E’ importante distinguere la partecipazione e la magia dall’animismo infantile, cioè dalla
tendenza che ha il fanciullo a prestare vita e coscienza a gli essere inanimati. I gruppi dei
fenomeni si toccano, cosi’ i fanciulli quando credono che il sole li segua, in questo caso fanno
dell’animismo, quando credono di far camminare il sole, ci troviamo di far fronte a un
fenomeno di partecipazione e di magia. E’ quando i sentimenti di partecipazioni si
attualizzano sotto l’influenza della differenziazione dell’io e del mondo esteriore, che l’Io si
attribuisce poteri magici e, di conseguenza, gli esseri vengono dotati di coscienza e di vita.

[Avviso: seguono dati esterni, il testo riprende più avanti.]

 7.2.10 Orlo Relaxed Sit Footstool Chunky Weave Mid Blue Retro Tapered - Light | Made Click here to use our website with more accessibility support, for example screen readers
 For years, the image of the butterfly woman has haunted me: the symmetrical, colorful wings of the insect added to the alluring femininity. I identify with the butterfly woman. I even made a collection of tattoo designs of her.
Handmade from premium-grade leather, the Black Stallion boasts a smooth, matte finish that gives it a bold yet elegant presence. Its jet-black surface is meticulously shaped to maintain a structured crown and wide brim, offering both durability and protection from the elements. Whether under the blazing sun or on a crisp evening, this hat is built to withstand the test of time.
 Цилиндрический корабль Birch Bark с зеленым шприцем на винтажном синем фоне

Possiamo classificare le partecipazioni e le pratiche magiche dal punto di vista della
struttura delle relazioni in quattro categorie:
1)Magia per partecipazione dei gesti e delle cose
Il fanciullo compie un gesto o esegue mentalmente un’operazione (contare ecc) e crede che
questi gesti o queste operazioni esercitino per partecipazione un’influenza, su questo o
quell’avvenimento desiderato o temuto.
2)Magia per partecipazione del pensiero e delle cose
Il fanciullo ha l’impressione che un pensiero, o una parola, o uno sguardo ecc..modificherà la
realtà. Oppure materializzerà una qualità psicologica, ad esempio la pigrizia, una forza capace
di agire di sé.
3)Magia per partecipazione di sostanze
Due o più corpi sono considerati come agenti gli uni sugli altri, capaci di attirarsi e
respingersi ecc, per semplice partecipazione (es. sassi-fiori).

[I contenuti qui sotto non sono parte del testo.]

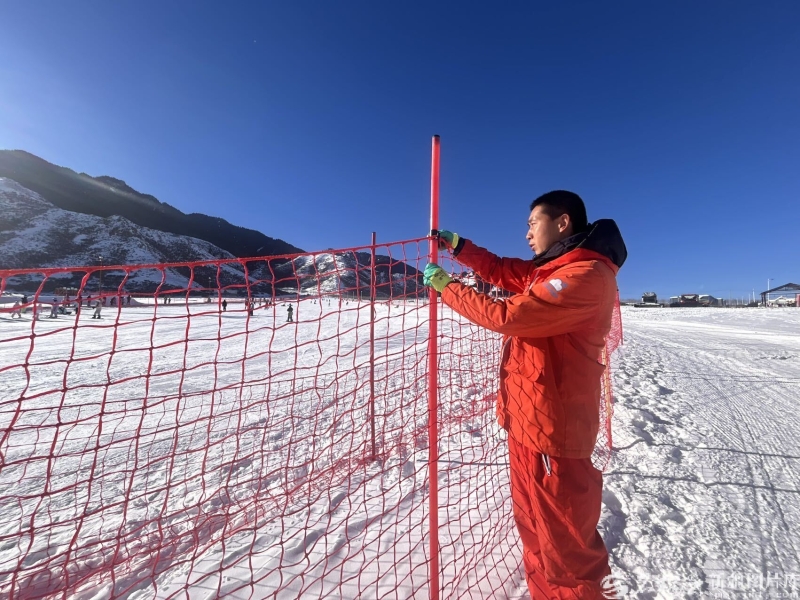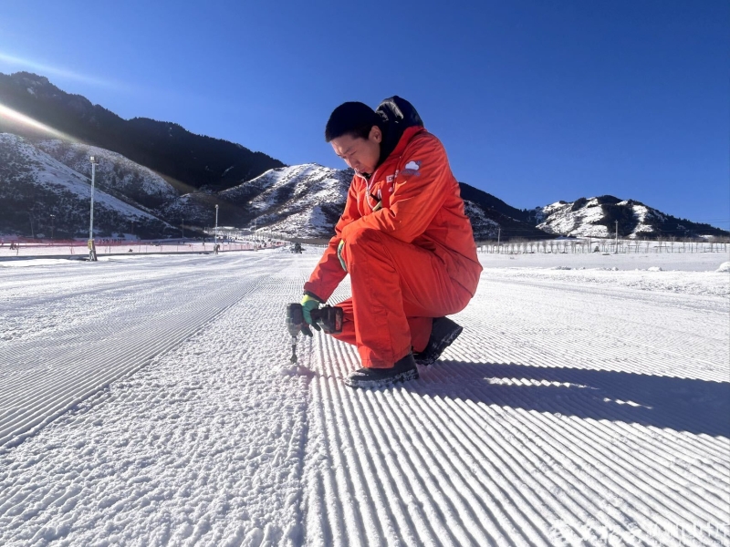 李彦周在检查雪道边的安全网。石榴云/新疆日报记者 张小宓摄 李彦周的家距离滑雪场仅3公里。随着新疆冰雪旅游热持续升温,2017年他成为安全救援人员,越来越多的周边村民和他一样,投身冰雪产业,从农民转型为滑雪教练、安全员、服务人员,在家门口实现了就业增收,成为冰雪旅游热的见证者、参与者、更是受益者。 如今,6人组成的安全救援队,与200名兼任安全巡视员和安全救援员的滑雪教练,在滑雪场党支部统筹下,和全体工作人员共同构筑起一张安全防护网。 11时,阳光洒在雪道上,各色滑雪服的身影交织流动,欢声笑语在冷冽的空气中格外清脆。另一边还未开放的雪道上,一抹橙色的身影格外醒目。压雪机早晨刚压过的雪道上,是雪友们喜欢的“面条雪”,李彦周拿着雪钻在不同的位置探入雪道测试积雪厚度,30厘米左右的厚度是开放的硬标准。“这条初级教学道也达到标准,刚好赶上放雪假的娃娃们来滑。”李彦周说。

4)Magia per partecipazione di intenzioni
I corpi sono considerati come viventi e dotati di intenzione. E’ una forma di animismo. La
partecipazione in questo caso consiste nel credere che la volontà di un corpo agisca su quello
degli altri, e la magia consiste nell’utilizzare questa partecipazione. La forma più comune è la
magia per comando: ordinare alle nubi, al sole ecc di seguirci o di andarsene. In questi due
ultimi casi, si osserva a volte una tendenza al simbolismo.

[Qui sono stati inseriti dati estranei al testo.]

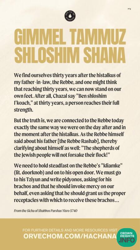 “We find ourselves thirty years after the histalkus of my father-in-law, the Rebbe, and one might think that reaching thirty years, we can now stand on our own feet. After all, Chazal say “Ben shloshim I’koach,” at thirty years, a person reaches their full strength. But the truth is, we are connected to the Rebbe today exactly the same way we were on the day after and in the moment after the histalkus. As the Rebbe himself said about his father [the Rebbe Rashab], thereby clarifying about himself as well: “The shepherds of the Jewish people will not forsake their flock!” We need to hold steadfast on the Rebbe’s “kliamke” (lit. doorknob) and on to his open door. We must go to his Tziyun and write pidyonos, asking for his brachos and that he should invoke mercy on our behalf, even asking that he should grant us the proper receptacles with which to receive these brachos…”
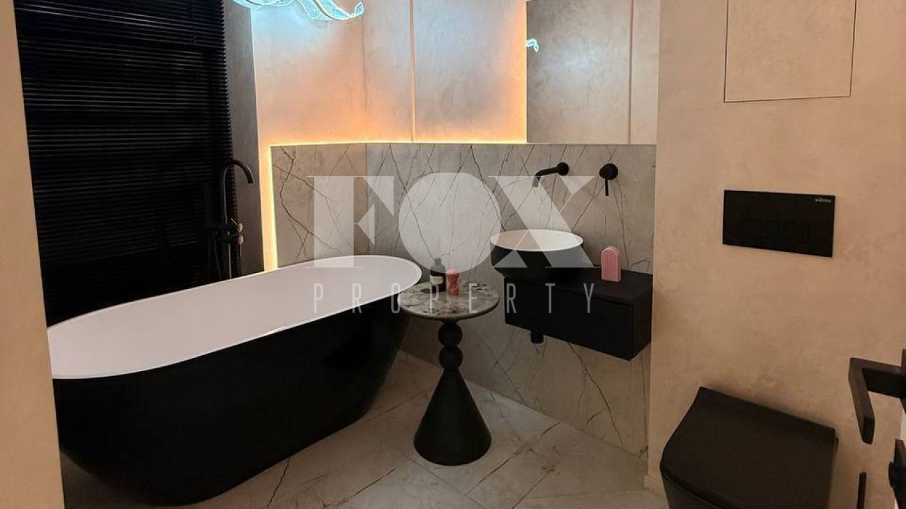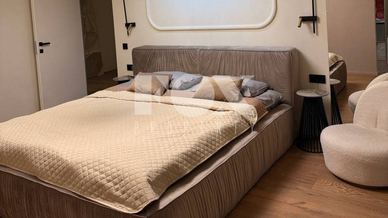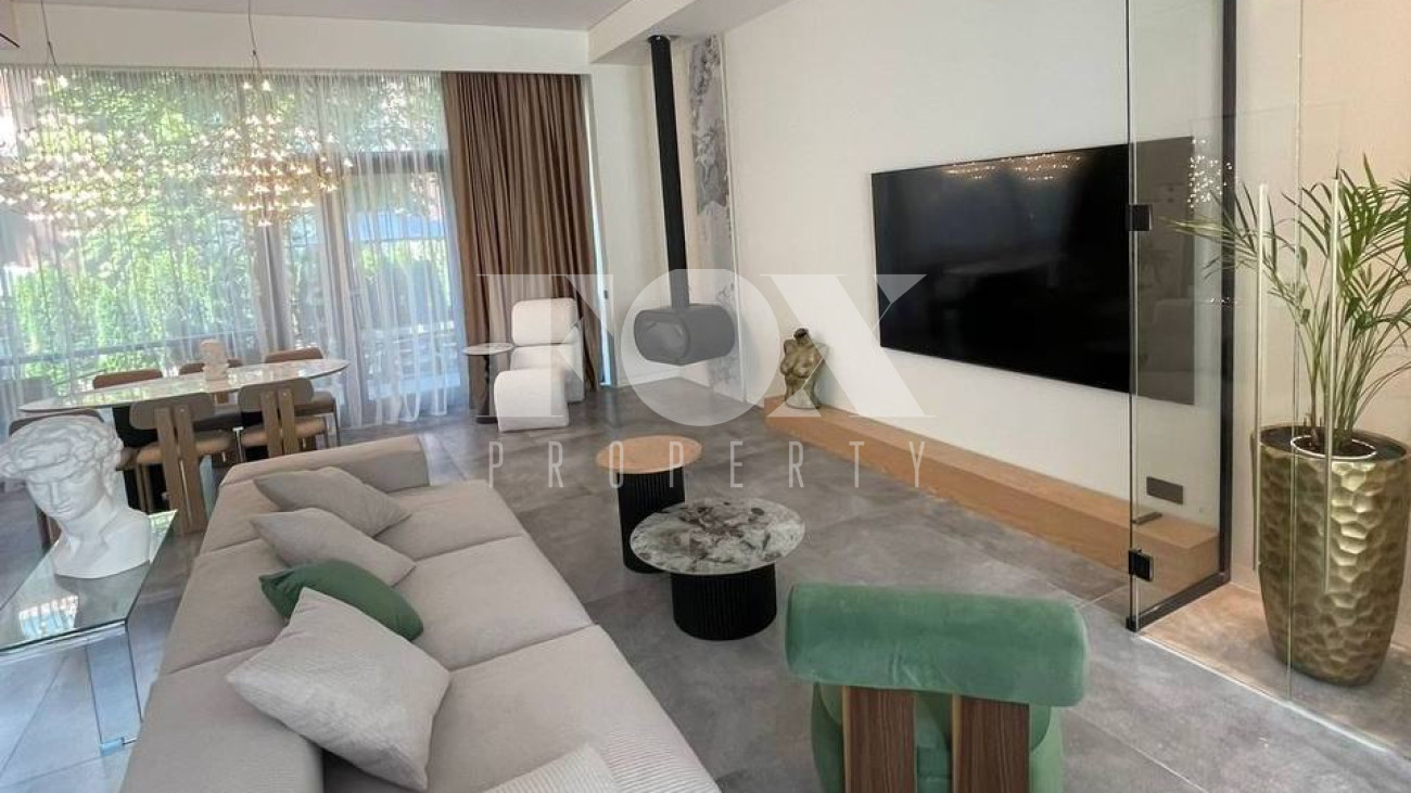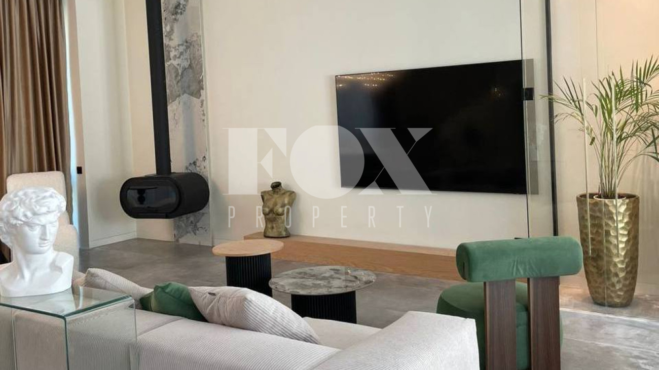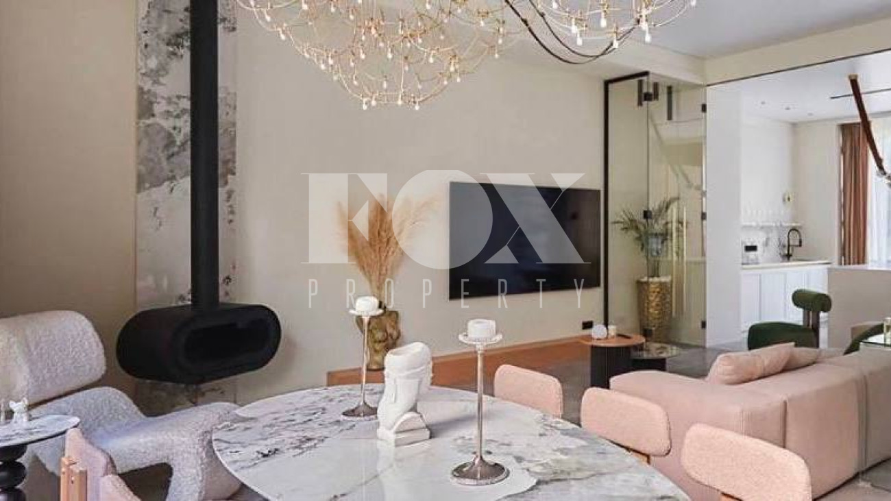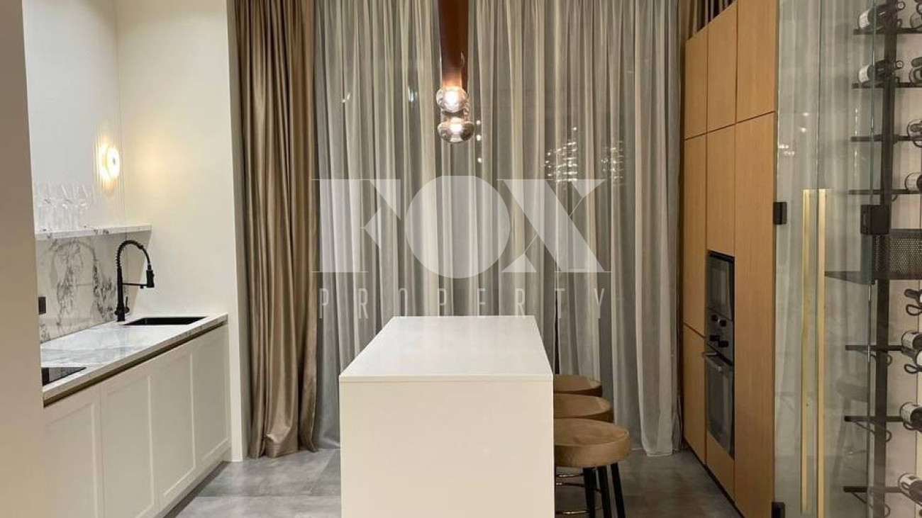 При ремонте использовались премиальные материалы: паркет, итальянский керамогранит, канальное кондиционирование, внутрипольные конвекторы, теплые полы. Техника Kuppersbusch, плазменный телевизор Samsung 85 дюймов.

*Le origini della partecipazione e della magia infantile
La partecipazione e la magia sembrano avere nel fanciullo una duplice origine. Esse si
spiegano, da una parte, grazie a un fenomeno di origine individuale, che è il realismo, cioè la
confusione fra pensiero e cose o fra io e mondo esterno, e dall’altra grazie a un fenomeno di
ordine sociale, che è la trasposizione sul mondo fisico delle attitudini che provocano nel
fanciullo i rapporti con le persone che lo circondano. Che cosa ci impedisce di credere nella
realizzazione automatica dei nostri desideri? Il fatto che li sappiamo soggettivi, il fatto che li
distinguiamo dagli altri e dalle realtà che il mondo ci costringe a riconoscere. Se il bimbo
narcisista crede nell’onnipotenza del suo pensiero, ciò accade evidentemente perché egli non
distingue il suo pensiero da quello degli altri, né il suo io dal mondo esterno. Egli non ha
dunque coscienza del proprio io. C’è un secondo fattore essenziale che spiega la partecipazione
e la magia. E l’azione dell’ambiente sociale, dei genitori. I suoi desideri e i suoi bisogni più
fondamentali si affidano necessariamente a una risposta della madre o dell’ambiente
immediato. I sentimenti di partecipazione si trovano evidentemente rafforzati da questa
risposta incessante dell’ambiente, e a poco a poco danno al bimbo l’abitudine del comando, da
qui le abitudine magiche del comando alle cose. Nel suo modo di ragionare, il fanciullo non
pensa che a se stesso, ignorando più o meno i punti di vista degli altri, ma anche nella logica il
fanciullo riconduce tutto al proprio punto di vista, perché crede che tutto il mondo pensa come
lui. Abbiamo dunque due egocentrismi: logico e ontologico.
Egocentrismo ontologico ci dà la chiave della realtà e della causalità nel fanciullo, la
precausalità e il finalismo nascono infatti direttamente da questo egocentrismo, poiché
consistono nel confondere i rapporti causali e fisici con i rapporti di origine psicologica, come se
l’universo avesse per per centro l’uomo. L’animismo e l’artificialismo sono le giustificazioni di
questi rapporti primitivi.
Egocentrismo logico ci dà la chiave del giudizio e del ragionamento (pensiero preoperatorio).